Spiritual disciplines can teach us much about food discipline – I found my 10-day fast extremely rewarding
Julian Baggini
guardian.co.uk, Monday 22 October 2012 15.34 BST
It might seem odd but I, a convinced atheist, have recently completed a 10-day fast based on the Hindu festival of Navratri, which is being celebrated this week. Fasting is refraining from eating at all, or more usually certain proscribed foods.
These days, if we limit what we eat, it is almost certainly because we are trying to lose weight, detox or realise some kind of health benefit. The idea that we might seek to forgo certain foods for moral improvement seems bizarrely anachronistic. The penance of Catholic Lent and Friday fasting make as little sense to most of us as the once common idea that food should be avoided after a death for fear that food around the deceased would be impure.
But there are some real lessons we can learn from spiritual disciplines around food. For the Benedictine former abbot Christopher Jamison, only eating certain things at certain times is a way of countering our tendency to slavishly follow our desires. "It's a way of exercising choice very knowingly," he told me, "and at the same time a way of exercising discipline around food." Similarly, the Buddhist abbot Ajahn Sucitto says that too often eating becomes just one of those "compulsive activities which on a functional level are not necessary. We do it just because of a psychological habit."
For reasons like this, I thought fasting was worth a try and Navratri – literally meaning nine nights in Sanskrit – looked like a good model. It heralds the start of autumn, and is dedicated to Shakti, the deity responsible for creation. My rules were that I would eat three meals a day, with no snacking in between of any kind. I would forgo meat, seafood and dairy products and would not drink alcohol or eat sweets or cakes. I would strive to eat each meal mindfully and thankfully and on the last evening would have some kind of feast, a celebration of the pleasure and variety of good food rather than an excessive gorging. The idea can be summed up as countering the bad A of automaticity with the three good As of right appreciation, right autonomy and right action.
I found the 10 days extremely rewarding. It wasn't meant to be a trial, and when I did feel hungry I reminded myself that such feelings pass, and unless we're really starving, we can always choose to wait until our next meal.

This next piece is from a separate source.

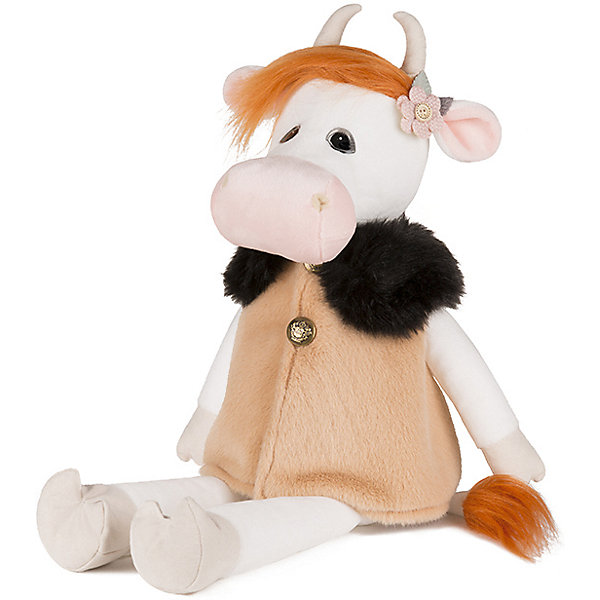 Мягкая игрушка выполнена в виде коровки, которая к тому же одета. Обладает шелковистой, приятной на ощупь шёрсткой.
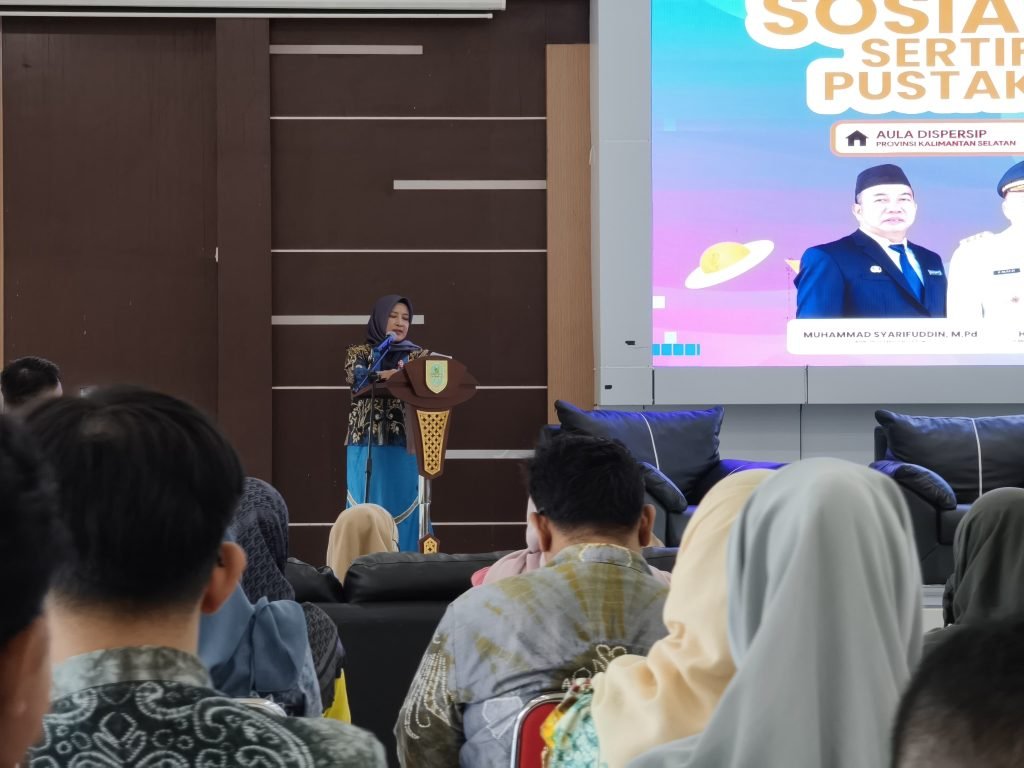 Dinas Perpustakaan dan Kearsipan (Dispersip) Provinsi Kalimantan Selatan menggelar sosialisasi sertifikasi pustakawan tingkat provinsi di Aula Dispersip Kalsel, Banjarmasin, Kamis (16/4/2026). Kegiatan ini diikuti perwakilan lembaga perpustakaan dan kearsipan kabupaten/kota serta berbagai instansi sekolah di bawah kewenangan provinsi maupun daerah.

I'm not the only atheist learning from religious fasting. The philosopher James Garvey, my successor as editor of the Philosophers' Magazine, has also followed a version of the Ramadan fast several times. "There is some sort of discovery of a part of yourself involved, or maybe a discovery associated with the human experience," he told me, "a feeling of being in control of your appetites for once. I can see why so many religions do it."
I've become quietly evangelical about it. Some people have no trouble controlling their appetites or just don't care much for food. But I suspect most of us eat too thoughtlessly too often. I plan to repeat my fast twice a year, around the spring and autumnal equinoxes. The next one starts on 14 March. I'd be happy for you to join me.